_DATA SHOWN:_
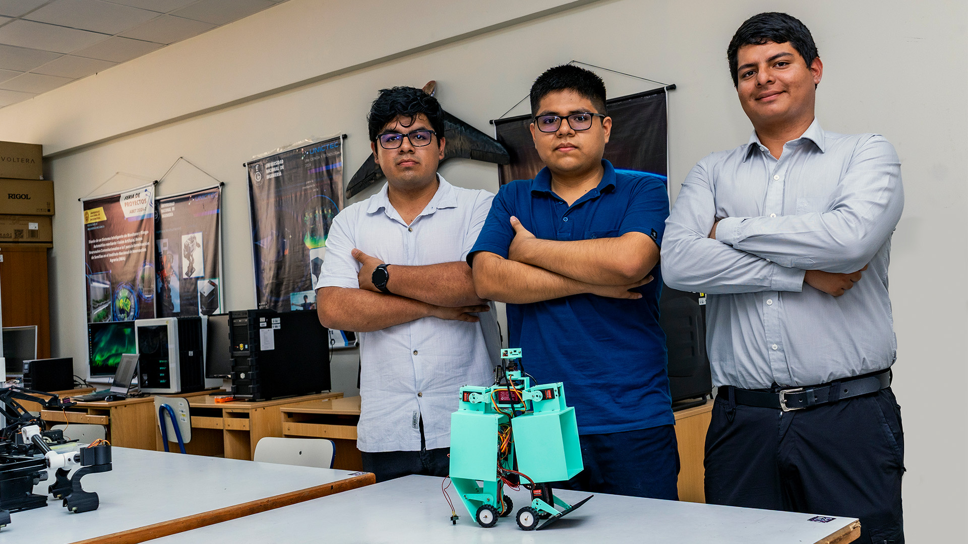 Se trata de los estudiantes Juan Salvador Palacios Bett, Alejandro Jose Agapito Quiñones, José Luis Segundo Manayay y Miguel Angel Chumacero Bustamante, quienes conformaron el equipo Supertronics.
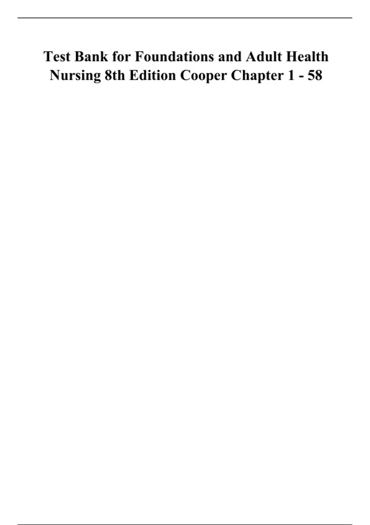 Test Bank for Foundations and Adult Health Nursing, 8th Edition Cooper, Complete Chapters 1 - 58 (100% Verified by Experts)
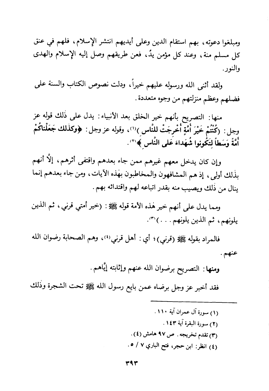ومما يدل على أنهم خير هذه الأمة قوله صلى الله عليه وسلم: "خير أمتي قرني، ثم الذين يلونهم، ثم الذين يلونهم" 3.

_WHAT TO DO:_
Retype all of the data above word for word, excluding the pictures.

_COMPLETED EXERCISE:_
 Se trata de los estudiantes Juan Salvador Palacios Bett, Alejandro Jose Agapito Quiñones, José Luis Segundo Manayay y Miguel Angel Chumacero Bustamante, quienes conformaron el equipo Supertronics.
 Test Bank for Foundations and Adult Health Nursing, 8th Edition Cooper, Complete Chapters 1 - 58 (100% Verified by Experts)
ومما يدل على أنهم خير هذه الأمة قوله صلى الله عليه وسلم: "خير أمتي قرني، ثم الذين يلونهم، ثم الذين يلونهم" 3.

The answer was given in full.